What you are asked to do
The answer must be the full data, restated word for word, with no pictures in it.

Given information
= = =
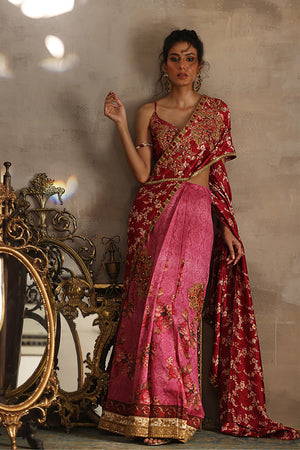 Adorned with delicate vintage floral motifs, each intricately enhanced with meticulous Zardozi work, this saree exudes an aura of regal splendor. The meticulous craftsmanship adds depth and dimension, creating a mesmerizing tapestry of tradition and contemporary finesse.
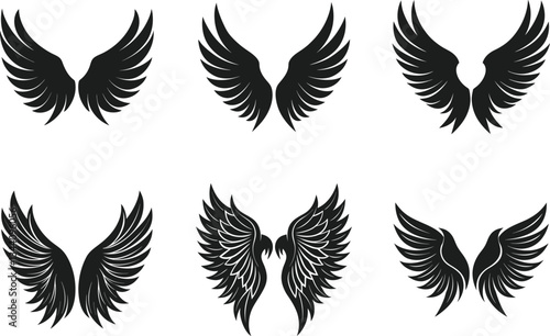 Obraz premium Collection of Angel Wings Silhouettes – Elegant and Versatile Vector Set
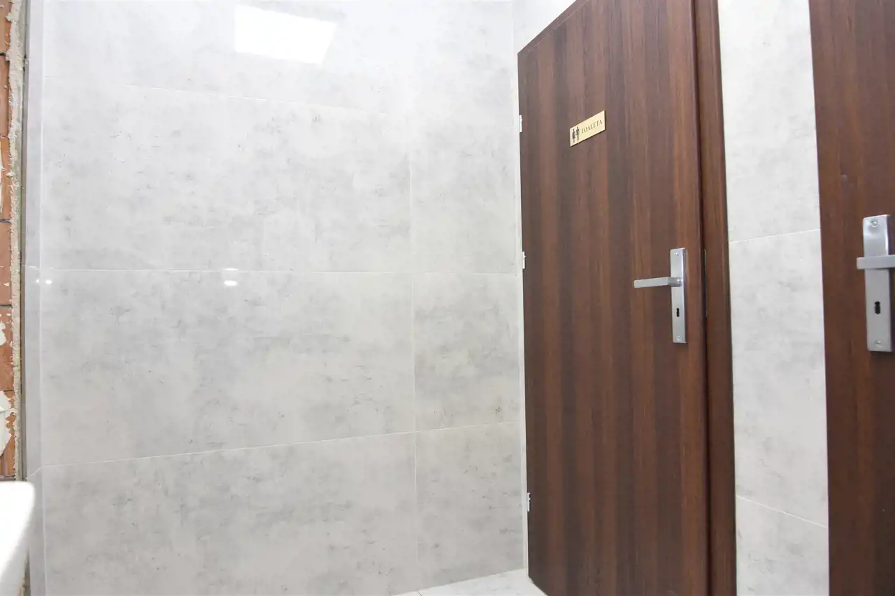 funkcjonalny układ: 2 pomieszczenia, Sala główna + Pomieszczenie socjalne + wc + łazienka + prysznic ( aktualnie pełni funkcje pomieszczenia gospodarczego ) + klatka schodowa
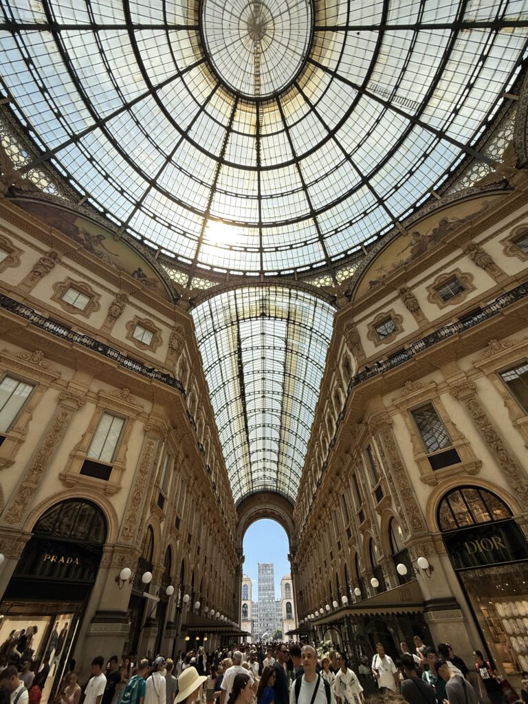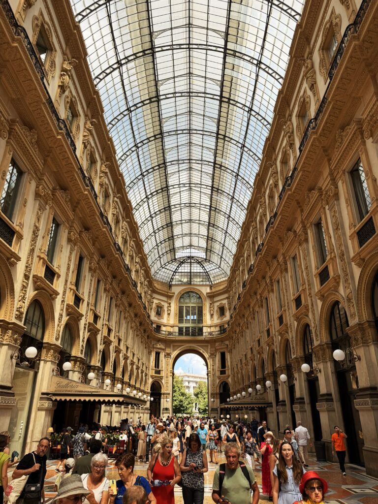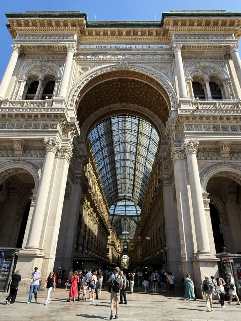 ドゥオーモを出て「ヴィットーリオ・エマヌエーレ2世のガッレリア(Galleria Vittorio Emanuele II)」というアーケードを歩く。イタリアらしい洗練されたデザインだ。
= = =
Response
 Adorned with delicate vintage floral motifs, each intricately enhanced with meticulous Zardozi work, this saree exudes an aura of regal splendor. The meticulous craftsmanship adds depth and dimension, creating a mesmerizing tapestry of tradition and contemporary finesse.
 Obraz premium Collection of Angel Wings Silhouettes – Elegant and Versatile Vector Set
 funkcjonalny układ: 2 pomieszczenia, Sala główna + Pomieszczenie socjalne + wc + łazienka + prysznic ( aktualnie pełni funkcje pomieszczenia gospodarczego ) + klatka schodowa
 ドゥオーモを出て「ヴィットーリオ・エマヌエーレ2世のガッレリア(Galleria Vittorio Emanuele II)」というアーケードを歩く。イタリアらしい洗練されたデザインだ。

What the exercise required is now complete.